:: Provided information ::
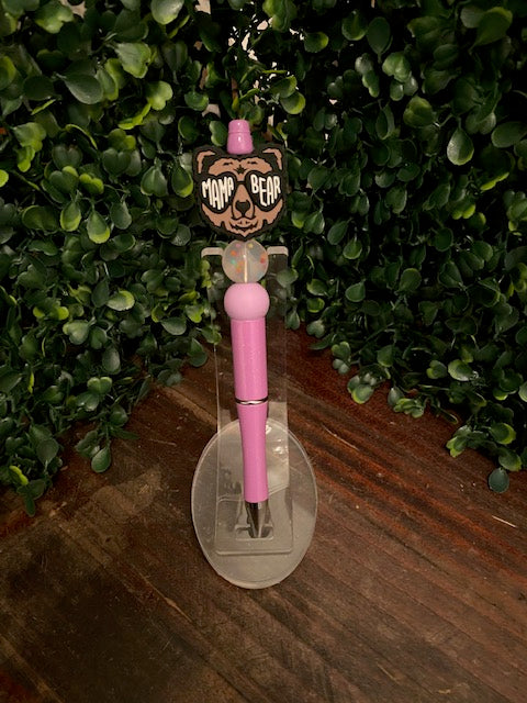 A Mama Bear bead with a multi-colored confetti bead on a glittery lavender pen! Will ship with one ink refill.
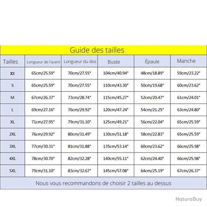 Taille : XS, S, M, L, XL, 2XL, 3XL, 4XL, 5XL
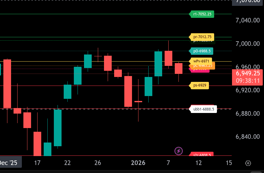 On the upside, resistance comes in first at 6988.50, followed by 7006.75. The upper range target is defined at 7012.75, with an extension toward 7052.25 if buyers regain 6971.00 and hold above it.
:::
:: Provided information ::
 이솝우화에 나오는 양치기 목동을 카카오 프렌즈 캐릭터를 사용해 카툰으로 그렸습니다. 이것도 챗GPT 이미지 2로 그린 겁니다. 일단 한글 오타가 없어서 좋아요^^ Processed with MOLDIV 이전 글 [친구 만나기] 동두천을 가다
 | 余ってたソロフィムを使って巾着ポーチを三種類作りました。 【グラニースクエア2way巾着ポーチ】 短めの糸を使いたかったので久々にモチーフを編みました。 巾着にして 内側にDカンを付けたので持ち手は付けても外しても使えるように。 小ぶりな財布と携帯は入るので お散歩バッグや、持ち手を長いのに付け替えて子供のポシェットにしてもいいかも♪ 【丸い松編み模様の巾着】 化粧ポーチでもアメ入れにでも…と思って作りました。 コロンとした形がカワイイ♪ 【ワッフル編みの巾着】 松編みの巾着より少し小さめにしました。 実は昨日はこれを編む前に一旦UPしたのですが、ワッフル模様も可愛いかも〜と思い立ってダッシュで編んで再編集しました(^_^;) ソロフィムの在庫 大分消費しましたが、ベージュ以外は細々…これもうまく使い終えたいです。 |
:::
**Task to complete**
Copy the lines above exactly, starting at the one with "Taille : XS, S, M, L, XL, 2XL, 3XL, 4XL, 5XL" and ending at the one with "On the upside, resistance", both included. Leave out any pictures and add nothing else.

**Output of the exercise**
 Taille : XS, S, M, L, XL, 2XL, 3XL, 4XL, 5XL
 On the upside, resistance comes in first at 6988.50, followed by 7006.75. The upper range target is defined at 7012.75, with an extension toward 7052.25 if buyers regain 6971.00 and hold above it.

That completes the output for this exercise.